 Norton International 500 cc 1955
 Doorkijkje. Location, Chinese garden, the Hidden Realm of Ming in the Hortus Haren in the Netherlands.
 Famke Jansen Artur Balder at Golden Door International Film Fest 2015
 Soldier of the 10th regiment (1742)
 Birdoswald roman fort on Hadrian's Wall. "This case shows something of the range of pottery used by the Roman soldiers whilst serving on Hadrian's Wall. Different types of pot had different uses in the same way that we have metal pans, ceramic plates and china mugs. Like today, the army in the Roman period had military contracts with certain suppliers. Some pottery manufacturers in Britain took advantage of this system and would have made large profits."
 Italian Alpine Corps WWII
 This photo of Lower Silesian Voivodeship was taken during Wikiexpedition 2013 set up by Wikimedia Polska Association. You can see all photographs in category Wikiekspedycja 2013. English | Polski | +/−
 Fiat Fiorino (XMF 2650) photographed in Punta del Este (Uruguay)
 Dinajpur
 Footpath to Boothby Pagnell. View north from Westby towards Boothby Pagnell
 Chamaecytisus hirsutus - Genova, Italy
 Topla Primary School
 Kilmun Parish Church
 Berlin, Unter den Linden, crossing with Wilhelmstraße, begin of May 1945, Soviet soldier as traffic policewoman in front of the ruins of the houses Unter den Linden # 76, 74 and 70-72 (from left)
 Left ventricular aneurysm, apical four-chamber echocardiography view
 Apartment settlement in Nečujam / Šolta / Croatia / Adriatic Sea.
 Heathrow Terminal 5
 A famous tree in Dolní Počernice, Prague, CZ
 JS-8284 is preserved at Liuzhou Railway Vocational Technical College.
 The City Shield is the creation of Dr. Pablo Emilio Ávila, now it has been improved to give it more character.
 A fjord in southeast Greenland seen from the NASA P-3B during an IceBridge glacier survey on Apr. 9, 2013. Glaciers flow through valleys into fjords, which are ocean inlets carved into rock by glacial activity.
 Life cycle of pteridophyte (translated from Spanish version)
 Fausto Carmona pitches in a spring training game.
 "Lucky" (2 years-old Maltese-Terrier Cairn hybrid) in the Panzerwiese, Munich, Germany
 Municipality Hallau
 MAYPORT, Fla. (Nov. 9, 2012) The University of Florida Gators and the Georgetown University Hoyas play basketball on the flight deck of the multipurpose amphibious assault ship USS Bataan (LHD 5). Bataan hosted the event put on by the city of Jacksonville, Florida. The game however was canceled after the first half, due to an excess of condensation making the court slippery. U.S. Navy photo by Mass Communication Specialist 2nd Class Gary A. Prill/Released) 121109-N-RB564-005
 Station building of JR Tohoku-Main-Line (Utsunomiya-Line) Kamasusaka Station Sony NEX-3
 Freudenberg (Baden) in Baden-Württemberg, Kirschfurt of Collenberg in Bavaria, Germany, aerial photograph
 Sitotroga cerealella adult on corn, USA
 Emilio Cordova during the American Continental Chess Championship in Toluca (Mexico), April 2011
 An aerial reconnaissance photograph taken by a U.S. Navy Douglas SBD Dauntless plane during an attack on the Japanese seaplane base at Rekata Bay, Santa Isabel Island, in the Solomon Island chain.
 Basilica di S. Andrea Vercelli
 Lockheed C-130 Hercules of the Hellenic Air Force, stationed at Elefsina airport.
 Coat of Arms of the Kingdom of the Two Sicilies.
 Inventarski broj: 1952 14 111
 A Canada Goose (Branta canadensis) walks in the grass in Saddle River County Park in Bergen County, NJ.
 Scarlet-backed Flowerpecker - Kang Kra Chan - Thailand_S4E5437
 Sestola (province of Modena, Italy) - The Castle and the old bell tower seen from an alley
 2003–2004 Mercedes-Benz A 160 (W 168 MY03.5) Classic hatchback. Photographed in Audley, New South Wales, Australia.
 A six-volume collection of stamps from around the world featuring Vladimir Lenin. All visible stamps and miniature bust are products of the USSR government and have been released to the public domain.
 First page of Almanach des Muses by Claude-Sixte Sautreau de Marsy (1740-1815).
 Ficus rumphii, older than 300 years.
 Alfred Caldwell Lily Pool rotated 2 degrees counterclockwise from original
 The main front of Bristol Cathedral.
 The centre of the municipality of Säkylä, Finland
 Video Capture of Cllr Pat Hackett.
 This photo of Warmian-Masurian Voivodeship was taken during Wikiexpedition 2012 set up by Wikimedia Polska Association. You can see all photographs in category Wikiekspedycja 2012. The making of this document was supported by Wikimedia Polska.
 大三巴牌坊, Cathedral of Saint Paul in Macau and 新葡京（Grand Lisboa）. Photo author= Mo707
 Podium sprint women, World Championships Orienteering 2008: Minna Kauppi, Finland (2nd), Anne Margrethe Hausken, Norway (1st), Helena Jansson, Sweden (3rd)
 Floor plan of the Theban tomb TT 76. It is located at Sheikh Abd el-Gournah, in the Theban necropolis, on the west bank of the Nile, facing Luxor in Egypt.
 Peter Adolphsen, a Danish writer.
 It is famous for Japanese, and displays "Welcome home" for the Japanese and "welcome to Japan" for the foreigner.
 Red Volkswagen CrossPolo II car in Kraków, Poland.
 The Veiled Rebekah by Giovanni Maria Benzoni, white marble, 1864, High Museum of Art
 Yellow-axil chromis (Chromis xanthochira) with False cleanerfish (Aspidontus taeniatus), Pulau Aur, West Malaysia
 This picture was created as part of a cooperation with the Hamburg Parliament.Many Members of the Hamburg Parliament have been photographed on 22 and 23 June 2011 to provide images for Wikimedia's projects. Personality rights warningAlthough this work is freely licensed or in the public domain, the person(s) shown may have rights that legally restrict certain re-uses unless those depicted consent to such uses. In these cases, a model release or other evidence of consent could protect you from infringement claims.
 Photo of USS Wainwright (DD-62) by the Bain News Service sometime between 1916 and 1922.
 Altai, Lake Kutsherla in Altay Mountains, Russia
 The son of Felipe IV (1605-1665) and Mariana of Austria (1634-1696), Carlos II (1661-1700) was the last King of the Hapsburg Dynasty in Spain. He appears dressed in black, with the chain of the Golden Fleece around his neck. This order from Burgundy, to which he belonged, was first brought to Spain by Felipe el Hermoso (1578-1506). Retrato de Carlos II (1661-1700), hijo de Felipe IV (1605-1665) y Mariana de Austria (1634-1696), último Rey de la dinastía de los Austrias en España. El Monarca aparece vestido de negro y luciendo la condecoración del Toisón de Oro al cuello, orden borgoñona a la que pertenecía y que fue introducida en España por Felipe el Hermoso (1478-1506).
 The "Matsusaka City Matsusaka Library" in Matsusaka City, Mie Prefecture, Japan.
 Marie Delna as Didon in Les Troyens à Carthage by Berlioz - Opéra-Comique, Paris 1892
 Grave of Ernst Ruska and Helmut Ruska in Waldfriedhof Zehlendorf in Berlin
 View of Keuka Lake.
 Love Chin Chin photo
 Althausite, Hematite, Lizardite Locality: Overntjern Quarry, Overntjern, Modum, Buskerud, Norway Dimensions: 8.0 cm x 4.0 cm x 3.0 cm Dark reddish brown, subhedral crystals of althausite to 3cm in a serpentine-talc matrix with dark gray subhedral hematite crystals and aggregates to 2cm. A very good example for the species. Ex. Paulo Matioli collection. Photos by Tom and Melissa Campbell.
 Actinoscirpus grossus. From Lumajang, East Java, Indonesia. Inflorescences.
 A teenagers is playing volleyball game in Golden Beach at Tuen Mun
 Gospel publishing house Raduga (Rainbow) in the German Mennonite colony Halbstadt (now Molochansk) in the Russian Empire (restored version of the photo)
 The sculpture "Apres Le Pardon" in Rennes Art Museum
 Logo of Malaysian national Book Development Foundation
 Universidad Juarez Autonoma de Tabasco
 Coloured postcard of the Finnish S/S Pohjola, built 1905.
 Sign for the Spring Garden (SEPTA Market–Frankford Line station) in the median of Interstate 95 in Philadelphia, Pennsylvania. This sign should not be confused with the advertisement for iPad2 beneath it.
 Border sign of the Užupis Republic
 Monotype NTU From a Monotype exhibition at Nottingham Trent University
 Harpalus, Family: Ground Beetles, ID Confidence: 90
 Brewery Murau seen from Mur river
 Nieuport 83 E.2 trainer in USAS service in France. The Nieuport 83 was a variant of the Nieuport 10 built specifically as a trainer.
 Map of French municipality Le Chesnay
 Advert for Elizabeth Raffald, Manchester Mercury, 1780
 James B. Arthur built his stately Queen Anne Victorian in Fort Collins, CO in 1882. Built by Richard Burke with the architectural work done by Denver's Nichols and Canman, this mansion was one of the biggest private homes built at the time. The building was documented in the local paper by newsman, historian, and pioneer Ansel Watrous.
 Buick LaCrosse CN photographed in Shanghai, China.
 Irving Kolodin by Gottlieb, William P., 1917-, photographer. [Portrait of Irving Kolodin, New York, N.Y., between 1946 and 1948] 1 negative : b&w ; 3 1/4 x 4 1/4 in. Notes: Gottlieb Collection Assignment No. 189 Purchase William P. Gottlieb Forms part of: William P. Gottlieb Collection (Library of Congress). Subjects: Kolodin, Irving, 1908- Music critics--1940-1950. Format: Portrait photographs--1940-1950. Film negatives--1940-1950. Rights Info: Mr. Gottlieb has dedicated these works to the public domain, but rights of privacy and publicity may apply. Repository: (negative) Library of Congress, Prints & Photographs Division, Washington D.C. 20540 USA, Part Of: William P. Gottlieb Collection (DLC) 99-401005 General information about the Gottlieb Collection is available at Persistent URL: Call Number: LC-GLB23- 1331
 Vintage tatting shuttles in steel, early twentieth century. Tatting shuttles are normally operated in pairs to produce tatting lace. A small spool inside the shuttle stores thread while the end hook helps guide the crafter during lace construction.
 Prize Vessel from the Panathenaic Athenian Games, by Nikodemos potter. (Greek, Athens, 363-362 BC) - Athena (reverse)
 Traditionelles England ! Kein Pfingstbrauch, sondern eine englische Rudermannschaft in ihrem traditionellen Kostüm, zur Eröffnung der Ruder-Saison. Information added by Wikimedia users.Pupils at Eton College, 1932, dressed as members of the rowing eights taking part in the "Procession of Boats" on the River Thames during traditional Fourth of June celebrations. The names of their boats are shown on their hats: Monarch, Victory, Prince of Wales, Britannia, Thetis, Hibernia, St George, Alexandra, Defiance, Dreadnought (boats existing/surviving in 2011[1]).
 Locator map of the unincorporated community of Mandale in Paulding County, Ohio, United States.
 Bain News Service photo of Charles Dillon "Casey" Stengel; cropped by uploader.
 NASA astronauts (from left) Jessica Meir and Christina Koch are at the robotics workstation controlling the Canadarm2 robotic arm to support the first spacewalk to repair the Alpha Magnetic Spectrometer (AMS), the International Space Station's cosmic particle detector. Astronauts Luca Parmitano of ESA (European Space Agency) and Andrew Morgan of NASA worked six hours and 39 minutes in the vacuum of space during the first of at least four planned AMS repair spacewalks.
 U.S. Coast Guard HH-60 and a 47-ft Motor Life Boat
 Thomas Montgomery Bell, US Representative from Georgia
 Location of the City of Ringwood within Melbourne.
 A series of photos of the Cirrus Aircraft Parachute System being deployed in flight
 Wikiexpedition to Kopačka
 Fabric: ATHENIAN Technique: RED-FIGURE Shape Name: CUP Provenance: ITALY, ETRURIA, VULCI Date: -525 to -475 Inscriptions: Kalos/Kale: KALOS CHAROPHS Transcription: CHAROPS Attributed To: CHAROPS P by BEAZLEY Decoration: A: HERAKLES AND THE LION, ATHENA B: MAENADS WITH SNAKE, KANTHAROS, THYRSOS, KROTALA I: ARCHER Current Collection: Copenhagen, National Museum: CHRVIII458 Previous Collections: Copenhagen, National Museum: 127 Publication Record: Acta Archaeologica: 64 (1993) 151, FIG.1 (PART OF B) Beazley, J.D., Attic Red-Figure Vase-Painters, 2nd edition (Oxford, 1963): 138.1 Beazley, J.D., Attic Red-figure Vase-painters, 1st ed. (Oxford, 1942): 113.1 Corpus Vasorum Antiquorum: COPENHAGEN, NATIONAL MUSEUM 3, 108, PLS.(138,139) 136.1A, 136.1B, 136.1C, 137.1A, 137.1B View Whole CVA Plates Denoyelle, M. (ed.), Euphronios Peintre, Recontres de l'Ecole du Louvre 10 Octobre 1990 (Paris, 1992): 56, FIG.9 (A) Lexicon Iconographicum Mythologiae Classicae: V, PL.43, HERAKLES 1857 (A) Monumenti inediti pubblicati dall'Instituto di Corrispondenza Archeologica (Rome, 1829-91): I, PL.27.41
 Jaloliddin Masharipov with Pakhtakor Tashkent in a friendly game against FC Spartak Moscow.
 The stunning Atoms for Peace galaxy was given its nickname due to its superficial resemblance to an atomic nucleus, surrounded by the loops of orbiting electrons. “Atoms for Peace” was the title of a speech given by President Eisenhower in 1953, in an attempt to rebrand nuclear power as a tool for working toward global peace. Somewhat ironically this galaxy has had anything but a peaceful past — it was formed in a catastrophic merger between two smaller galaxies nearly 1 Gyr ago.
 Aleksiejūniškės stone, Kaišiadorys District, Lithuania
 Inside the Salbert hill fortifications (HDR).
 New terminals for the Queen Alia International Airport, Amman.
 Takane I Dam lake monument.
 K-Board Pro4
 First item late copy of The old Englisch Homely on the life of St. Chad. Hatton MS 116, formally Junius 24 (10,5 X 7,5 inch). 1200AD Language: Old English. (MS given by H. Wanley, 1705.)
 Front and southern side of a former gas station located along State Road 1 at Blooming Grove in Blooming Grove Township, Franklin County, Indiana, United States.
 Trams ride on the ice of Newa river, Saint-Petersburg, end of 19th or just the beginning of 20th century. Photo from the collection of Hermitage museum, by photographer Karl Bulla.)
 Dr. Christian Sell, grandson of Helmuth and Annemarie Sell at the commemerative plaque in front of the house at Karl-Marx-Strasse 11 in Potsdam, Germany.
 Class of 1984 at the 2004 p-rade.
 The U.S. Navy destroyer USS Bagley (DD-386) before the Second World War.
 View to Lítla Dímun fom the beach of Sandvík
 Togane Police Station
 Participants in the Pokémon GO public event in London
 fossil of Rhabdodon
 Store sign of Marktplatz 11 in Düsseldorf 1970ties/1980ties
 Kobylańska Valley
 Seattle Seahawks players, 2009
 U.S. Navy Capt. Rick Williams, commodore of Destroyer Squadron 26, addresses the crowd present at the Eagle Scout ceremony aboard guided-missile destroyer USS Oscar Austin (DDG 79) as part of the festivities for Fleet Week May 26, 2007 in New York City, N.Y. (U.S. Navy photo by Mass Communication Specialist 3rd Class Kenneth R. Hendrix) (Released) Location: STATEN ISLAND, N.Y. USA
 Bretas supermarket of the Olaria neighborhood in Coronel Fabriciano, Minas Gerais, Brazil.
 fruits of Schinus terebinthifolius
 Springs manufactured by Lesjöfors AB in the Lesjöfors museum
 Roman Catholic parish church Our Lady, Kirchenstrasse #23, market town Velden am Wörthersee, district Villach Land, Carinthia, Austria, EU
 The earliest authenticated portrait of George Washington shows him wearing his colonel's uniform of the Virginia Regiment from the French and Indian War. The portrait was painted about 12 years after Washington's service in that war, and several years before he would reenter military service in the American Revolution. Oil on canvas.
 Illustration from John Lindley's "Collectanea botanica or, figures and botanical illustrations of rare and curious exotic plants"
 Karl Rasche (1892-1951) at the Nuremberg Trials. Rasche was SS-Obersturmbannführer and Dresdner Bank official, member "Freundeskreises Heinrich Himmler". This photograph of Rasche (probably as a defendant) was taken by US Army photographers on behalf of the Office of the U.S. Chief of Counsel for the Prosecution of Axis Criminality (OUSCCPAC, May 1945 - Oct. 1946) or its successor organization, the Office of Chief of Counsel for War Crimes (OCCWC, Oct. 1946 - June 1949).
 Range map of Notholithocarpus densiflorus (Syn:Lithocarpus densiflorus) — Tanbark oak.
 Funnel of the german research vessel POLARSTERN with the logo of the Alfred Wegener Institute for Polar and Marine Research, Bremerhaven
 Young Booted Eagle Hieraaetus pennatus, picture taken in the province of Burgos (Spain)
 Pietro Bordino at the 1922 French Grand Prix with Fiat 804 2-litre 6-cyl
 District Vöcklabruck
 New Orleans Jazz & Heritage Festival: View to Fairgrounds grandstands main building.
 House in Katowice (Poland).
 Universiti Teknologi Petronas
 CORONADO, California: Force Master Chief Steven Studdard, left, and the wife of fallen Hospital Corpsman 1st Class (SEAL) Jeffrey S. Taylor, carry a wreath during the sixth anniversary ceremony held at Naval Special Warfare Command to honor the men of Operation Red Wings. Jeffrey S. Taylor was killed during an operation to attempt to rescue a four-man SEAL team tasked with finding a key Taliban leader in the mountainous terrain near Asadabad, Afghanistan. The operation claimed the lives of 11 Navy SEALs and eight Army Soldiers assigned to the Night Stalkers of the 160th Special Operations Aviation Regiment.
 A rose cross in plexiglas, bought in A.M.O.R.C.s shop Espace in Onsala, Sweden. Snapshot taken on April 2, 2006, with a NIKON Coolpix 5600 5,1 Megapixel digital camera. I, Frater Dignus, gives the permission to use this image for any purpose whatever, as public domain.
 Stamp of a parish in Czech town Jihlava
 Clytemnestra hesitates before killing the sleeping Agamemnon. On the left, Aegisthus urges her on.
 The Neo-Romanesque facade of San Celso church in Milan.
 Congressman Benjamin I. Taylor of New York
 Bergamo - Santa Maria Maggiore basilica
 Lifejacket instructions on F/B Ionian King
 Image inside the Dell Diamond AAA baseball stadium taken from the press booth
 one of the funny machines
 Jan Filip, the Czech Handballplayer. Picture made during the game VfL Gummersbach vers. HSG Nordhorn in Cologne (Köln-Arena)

§ §

#### Exercise brief
What you give back should be only the lines of the records above, starting at the line with "Trams ride on" and ending at the line with "Roman Catholic parish", restated word for word.

#### Solution to this problem
 Trams ride on the ice of Newa river, Saint-Petersburg, end of 19th or just the beginning of 20th century. Photo from the collection of Hermitage museum, by photographer Karl Bulla.)
 Dr. Christian Sell, grandson of Helmuth and Annemarie Sell at the commemerative plaque in front of the house at Karl-Marx-Strasse 11 in Potsdam, Germany.
 Class of 1984 at the 2004 p-rade.
 The U.S. Navy destroyer USS Bagley (DD-386) before the Second World War.
 View to Lítla Dímun fom the beach of Sandvík
 Togane Police Station
 Participants in the Pokémon GO public event in London
 fossil of Rhabdodon
 Store sign of Marktplatz 11 in Düsseldorf 1970ties/1980ties
 Kobylańska Valley
 Seattle Seahawks players, 2009
 U.S. Navy Capt. Rick Williams, commodore of Destroyer Squadron 26, addresses the crowd present at the Eagle Scout ceremony aboard guided-missile destroyer USS Oscar Austin (DDG 79) as part of the festivities for Fleet Week May 26, 2007 in New York City, N.Y. (U.S. Navy photo by Mass Communication Specialist 3rd Class Kenneth R. Hendrix) (Released) Location: STATEN ISLAND, N.Y. USA
 Bretas supermarket of the Olaria neighborhood in Coronel Fabriciano, Minas Gerais, Brazil.
 fruits of Schinus terebinthifolius
 Springs manufactured by Lesjöfors AB in the Lesjöfors museum
 Roman Catholic parish church Our Lady, Kirchenstrasse #23, market town Velden am Wörthersee, district Villach Land, Carinthia, Austria, EU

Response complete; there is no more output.